5.1 Trois types de parcours, mais des points d’ancrage communs

Les résultats ont donné lieu à l’élaboration d’une typologie où trois types de parcours ont pu être recensés, et où, dans chacun de ces parcours, l’intimidation à l’école secondaire a bel et bien influencé la construction identitaire et la poursuite du parcours scolaire des étudiants et étudiantes rencontrés. L’incidence de l’intimidation a touché autant la persévérance scolaire que le choix de carrière, mais s’est modulée différemment en fonction du type de parcours qui en a découlé.
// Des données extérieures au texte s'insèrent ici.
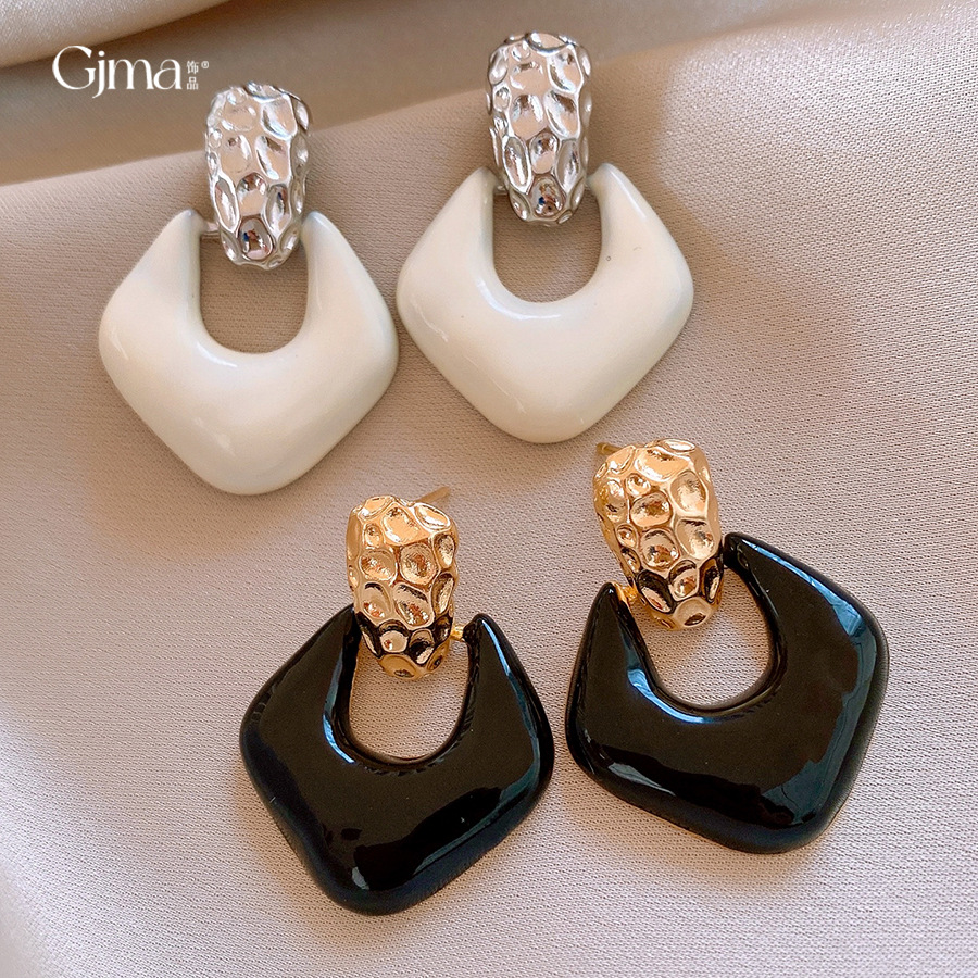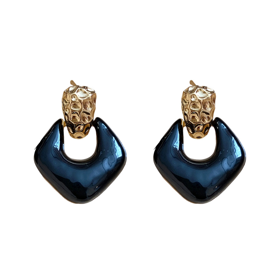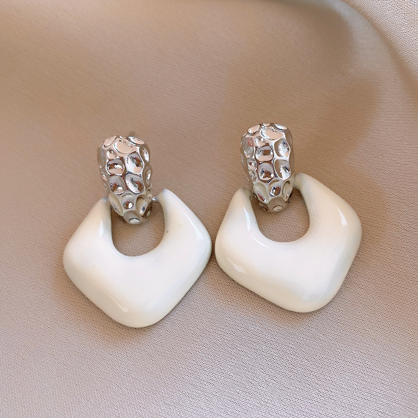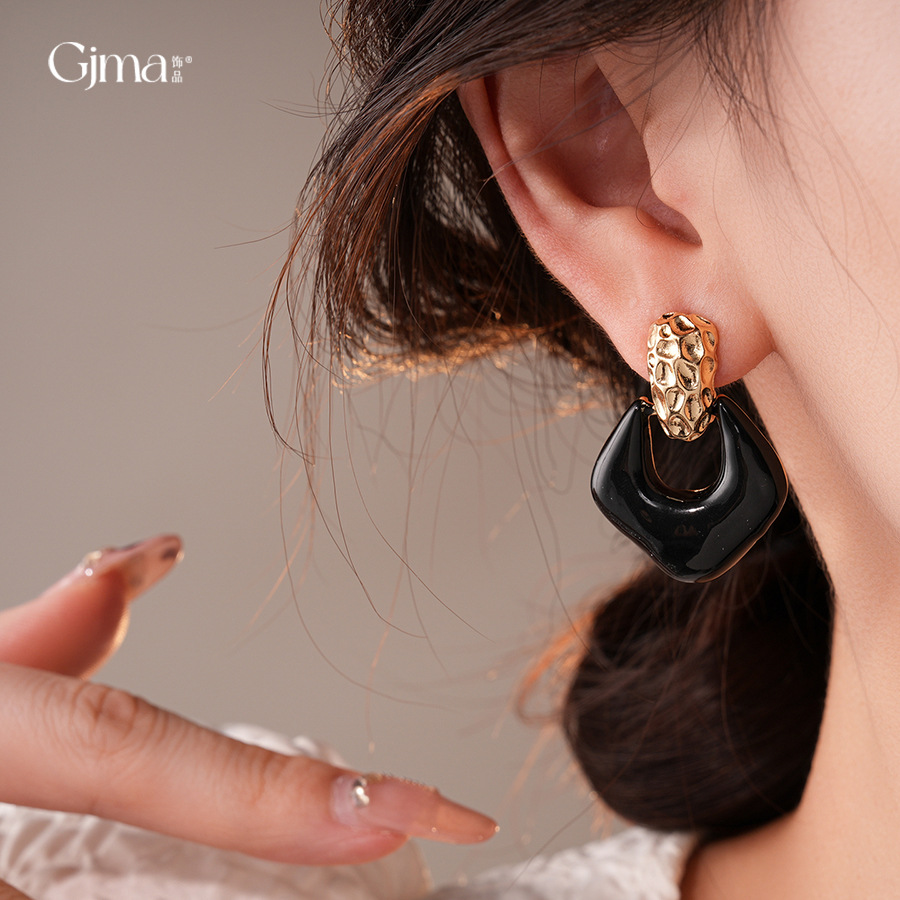 银针法式复古滴油褶皱菱形镂空耳环轻奢高级感耳钉时尚个性耳饰女

Pour le premier type de cheminement, où la persévérance scolaire a été compromise, l’intimidation a freiné la poursuite d’un parcours scolaire positif, sans toutefois en empêcher sa réalisation. Les répercussions de l’intimidation sont marqués, tant sur le plan de la persévérance scolaire que du choix de carrière. Ce type de parcours concorde avec les résultats de plusieurs études qui mettent l’accent sur les facteurs de risque inhérents au fait de subir de l’intimidation en milieu scolaire (Beran et coll., 2008; Casey-Canon et coll., 2001; Cornell et coll. 2013; Graham et coll., 2010; Grills & Ollendick, 2002; Houbre et coll., 2012; Juvonen et coll., 2010; MELS, 2010; Rayle et coll., 2007; Yang et coll., 2006), tel que définis dans les chapitres précédents.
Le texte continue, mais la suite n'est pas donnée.